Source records
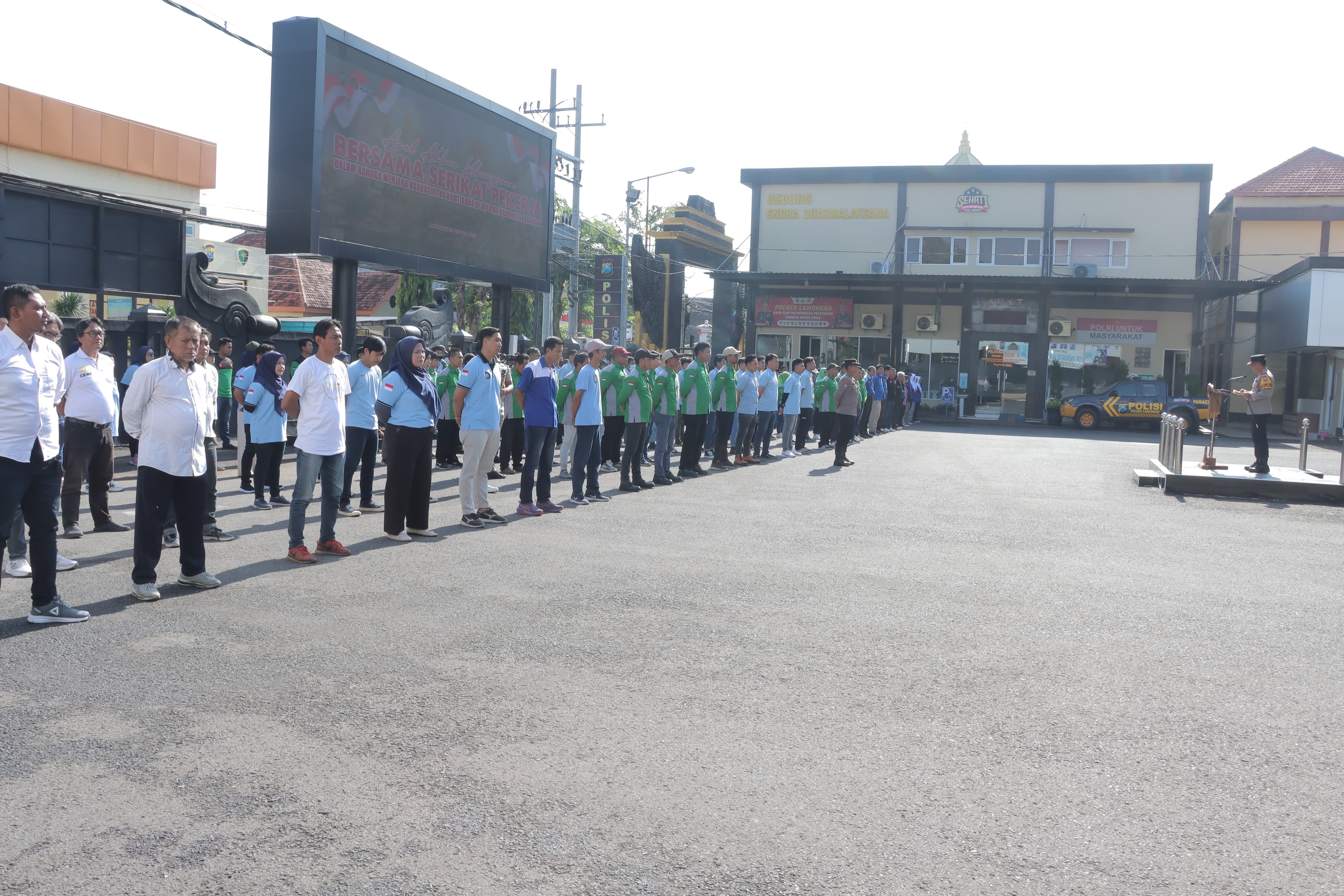 Lamongan, 23/10/2025 – Dalam rangka mempererat sinergi antara aparat kepolisian dan elemen pekerja, Polres Lamongan menggelar Apel Akbar Kebangsaan bersama Serikat Pekerja dengan tema “Menjaga Kondusifitas Kamtibmas di Wilayah Kabupaten Lamongan.”
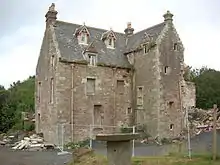 Crosbie Castle (also known as Crosbie Towers) lies to the north east on the outskirts of West Kilbride. It was largely rebuilt from a tower demolished in the 17th century which was the home of Sir Ranald Craufurd (uncle of William Wallace) in the 13th century,[15] and it is said that Wallace himself spent some time at Crosbie.[15] Currently the castle lies at the centre of a caravan park also called Crosbie Towers. Having lain empty for a number of years due to internal fire damage, part of the building was demolished in early 2007 after heavy storms damaged the external walls of the castle.[16] Although the building is a Category-B listed building, permission was not sought before demolition.[16]
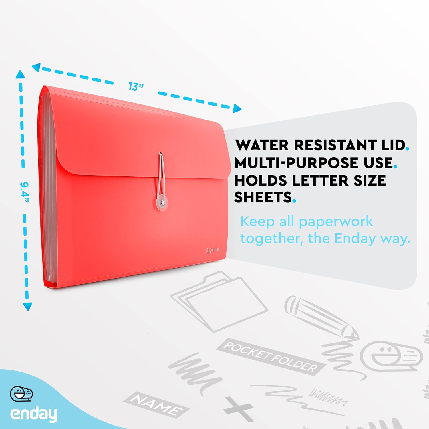 Accordion File Organizer 13 Pocket Expanding File Folder with Labels, Accordion File Organizer Letter Size Letter A4 Paper for Receipts, Bills and Documents 13" x 9.5” –by Enday
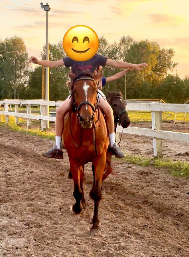 17 letnia klacz o spokojnym charakterze, grzeczna, bezpieczna, bez głupich pomysłów. Ma około 162 cm wzrostu. Świetnie sprawdzi sie w terenach oraz na placu, jako czołowa lub w zastępie. typ bomboodporny. Przy obsłudze bezproblemowa. Nie gryzie, nie kopie. Nie tka, nie łyka. Posiada paszport. Typ szlachetny.
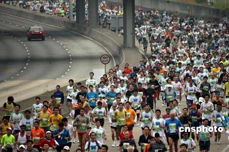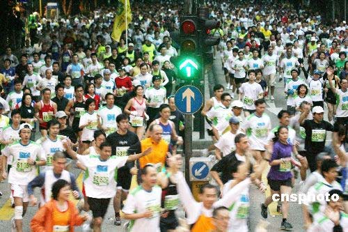 组图:香港马拉松开赛 曾荫权主持开跑仪式(2)
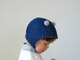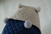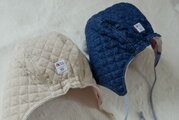裏地にダブルガーゼを使用したくま耳キルト帽子です。
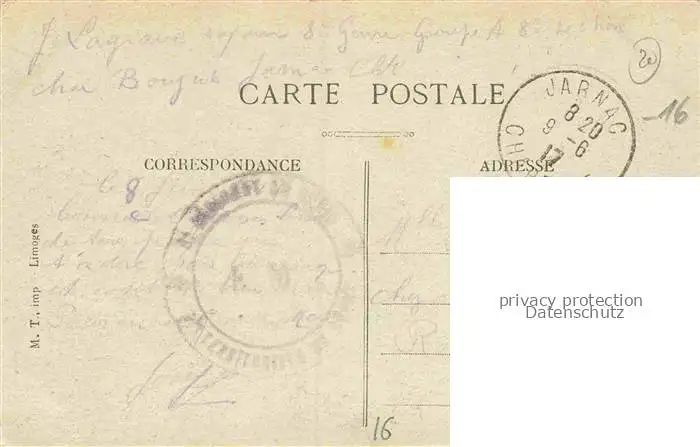 carte postale Jarnac COGNAC 16 Charente Vue panoramique sur la Place du Château Feldpost postalisch gelaufen Erhaltung siehe scans [FriedD77]

| Instructions to follow |
Your reply should consist solely of the lines above, from the opening line through the line with "Accordion File Organizer 13", reproduced exactly and without pictures.

| Task answer |
 Lamongan, 23/10/2025 – Dalam rangka mempererat sinergi antara aparat kepolisian dan elemen pekerja, Polres Lamongan menggelar Apel Akbar Kebangsaan bersama Serikat Pekerja dengan tema “Menjaga Kondusifitas Kamtibmas di Wilayah Kabupaten Lamongan.”
 Crosbie Castle (also known as Crosbie Towers) lies to the north east on the outskirts of West Kilbride. It was largely rebuilt from a tower demolished in the 17th century which was the home of Sir Ranald Craufurd (uncle of William Wallace) in the 13th century,[15] and it is said that Wallace himself spent some time at Crosbie.[15] Currently the castle lies at the centre of a caravan park also called Crosbie Towers. Having lain empty for a number of years due to internal fire damage, part of the building was demolished in early 2007 after heavy storms damaged the external walls of the castle.[16] Although the building is a Category-B listed building, permission was not sought before demolition.[16]
 Accordion File Organizer 13 Pocket Expanding File Folder with Labels, Accordion File Organizer Letter Size Letter A4 Paper for Receipts, Bills and Documents 13" x 9.5” –by Enday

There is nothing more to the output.